Le mouvement ne fait pas l’unanimité cependant. Certains juifs, notamment, voient cette invitation à porter la kippa comme un moyen réducteur de définir le judaïsme par l’antisémitisme. «La kippa n’est pas un symbole allemand neutre», déplore l’écrivain et activiste juif Armin Langer. «La solidarité est accessible par d’autres moyens que le déguisement en victime.»

Le risque d'une guerre 

Samedi, un rassemblement d’environ 1500 personnes a eu lieu sur la place Georg-Grosz, dans l’ouest de Berlin.

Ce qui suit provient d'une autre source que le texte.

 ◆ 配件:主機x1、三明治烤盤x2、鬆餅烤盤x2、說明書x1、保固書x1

Diverses figures politiques y ont participé, dont l’ambassadeur d’Israël en Allemagne, Jeremy Issacharoff, la secrétaire d’Etat du Sénat de Berlin, Sawsan Chebli, et l’icône verte des droits gay, Volker Beck. Quelques centaines de mètres plus loin, la marche Al-Qods, plus maigre que l’an dernier, a descendu le Kurfürstendamm en direction de la place Georg-Grosz.

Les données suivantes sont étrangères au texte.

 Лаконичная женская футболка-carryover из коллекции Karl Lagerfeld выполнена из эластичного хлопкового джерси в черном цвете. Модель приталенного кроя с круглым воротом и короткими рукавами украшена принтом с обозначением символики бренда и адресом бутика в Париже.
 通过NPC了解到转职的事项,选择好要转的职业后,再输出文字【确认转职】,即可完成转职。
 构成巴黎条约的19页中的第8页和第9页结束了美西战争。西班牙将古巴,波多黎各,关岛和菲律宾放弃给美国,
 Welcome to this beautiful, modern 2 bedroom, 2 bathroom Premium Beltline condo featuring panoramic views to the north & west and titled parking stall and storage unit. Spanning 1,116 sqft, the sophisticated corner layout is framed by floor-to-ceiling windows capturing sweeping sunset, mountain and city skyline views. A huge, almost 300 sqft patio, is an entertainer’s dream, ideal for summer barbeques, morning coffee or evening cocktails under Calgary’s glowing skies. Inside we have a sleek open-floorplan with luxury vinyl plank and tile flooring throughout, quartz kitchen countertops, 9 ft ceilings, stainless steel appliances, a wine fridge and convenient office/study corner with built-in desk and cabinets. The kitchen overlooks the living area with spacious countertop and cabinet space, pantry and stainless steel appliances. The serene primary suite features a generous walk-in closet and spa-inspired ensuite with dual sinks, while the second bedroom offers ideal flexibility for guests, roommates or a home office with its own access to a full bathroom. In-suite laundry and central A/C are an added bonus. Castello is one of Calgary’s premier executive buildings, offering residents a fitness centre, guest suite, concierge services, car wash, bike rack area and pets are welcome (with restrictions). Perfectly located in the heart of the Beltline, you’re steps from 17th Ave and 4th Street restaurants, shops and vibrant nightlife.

La rencontre des deux parties a été paisible. Chants arabes et cri d’Allah akbar du côté des manifestants d’Al-Qods. Musique pop très forte du côté de la contre-manifestation aux diverses revendications. Un peu partout, des drapeaux arc-en-ciel et palestiniens décoraient le ciel bleu de Berlin.

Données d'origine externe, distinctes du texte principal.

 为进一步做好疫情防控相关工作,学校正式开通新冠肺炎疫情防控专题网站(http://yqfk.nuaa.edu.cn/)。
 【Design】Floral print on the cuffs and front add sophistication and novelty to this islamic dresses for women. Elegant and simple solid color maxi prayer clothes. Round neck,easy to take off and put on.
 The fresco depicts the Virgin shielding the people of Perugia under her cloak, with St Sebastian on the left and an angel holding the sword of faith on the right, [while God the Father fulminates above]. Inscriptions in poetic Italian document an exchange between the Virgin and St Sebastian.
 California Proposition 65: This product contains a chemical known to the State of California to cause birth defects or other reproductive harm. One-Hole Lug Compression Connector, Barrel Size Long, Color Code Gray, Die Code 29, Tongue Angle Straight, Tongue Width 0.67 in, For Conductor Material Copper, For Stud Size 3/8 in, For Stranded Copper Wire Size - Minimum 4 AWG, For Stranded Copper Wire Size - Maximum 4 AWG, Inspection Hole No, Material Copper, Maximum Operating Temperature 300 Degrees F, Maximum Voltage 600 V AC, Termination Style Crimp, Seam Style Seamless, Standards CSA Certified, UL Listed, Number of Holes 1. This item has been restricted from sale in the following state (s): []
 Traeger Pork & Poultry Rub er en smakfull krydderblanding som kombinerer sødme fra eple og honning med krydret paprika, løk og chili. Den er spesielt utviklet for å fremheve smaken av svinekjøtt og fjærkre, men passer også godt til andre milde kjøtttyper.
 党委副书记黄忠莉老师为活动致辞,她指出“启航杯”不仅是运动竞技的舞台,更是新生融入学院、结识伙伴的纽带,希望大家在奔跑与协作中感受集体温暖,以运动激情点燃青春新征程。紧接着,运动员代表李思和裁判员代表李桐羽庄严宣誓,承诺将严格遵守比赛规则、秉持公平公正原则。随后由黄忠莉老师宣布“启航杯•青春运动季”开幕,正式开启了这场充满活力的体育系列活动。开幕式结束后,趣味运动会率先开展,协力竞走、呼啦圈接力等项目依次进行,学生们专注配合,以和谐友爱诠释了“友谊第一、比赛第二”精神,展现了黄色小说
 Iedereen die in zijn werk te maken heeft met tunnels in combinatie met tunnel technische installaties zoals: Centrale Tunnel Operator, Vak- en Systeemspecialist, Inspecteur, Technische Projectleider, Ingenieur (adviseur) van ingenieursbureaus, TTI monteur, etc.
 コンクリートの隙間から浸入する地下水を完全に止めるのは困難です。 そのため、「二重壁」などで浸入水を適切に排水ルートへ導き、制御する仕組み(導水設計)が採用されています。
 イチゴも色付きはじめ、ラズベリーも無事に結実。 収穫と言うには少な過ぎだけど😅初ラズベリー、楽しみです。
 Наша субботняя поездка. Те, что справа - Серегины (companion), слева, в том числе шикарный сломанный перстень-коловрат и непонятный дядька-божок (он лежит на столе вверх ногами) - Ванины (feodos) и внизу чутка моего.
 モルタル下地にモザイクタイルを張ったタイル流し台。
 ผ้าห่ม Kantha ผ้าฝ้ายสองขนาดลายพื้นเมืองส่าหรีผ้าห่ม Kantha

Pas évident de se comprendre… «Les sionistes contrôlent le monde. Les médias, les lobbys, si vous n’y adhérez pas, vous êtes bannis. Lisez le Coran. Qui a défendu les juifs contre Hitler, qui? Les Albanais musulmans. Les musulmans ont toujours défendu les juifs. C’est très bien qu’ils aient un pays, les Juifs. Mais je peux vous dire une chose: s’ils se rejoignent tous un jour en Israël, il y aura une guerre et ils vont la perdre.» La discussion, typique des débats qui surgissent actuellement à Berlin, a été enregistrée dans un taxi de Berlin par une certaine Esther. Par crainte de couper court à la conversation, la jeune femme a dit au chauffeur qu’elle s’appelait Natacha, un prénom moins hébraïque.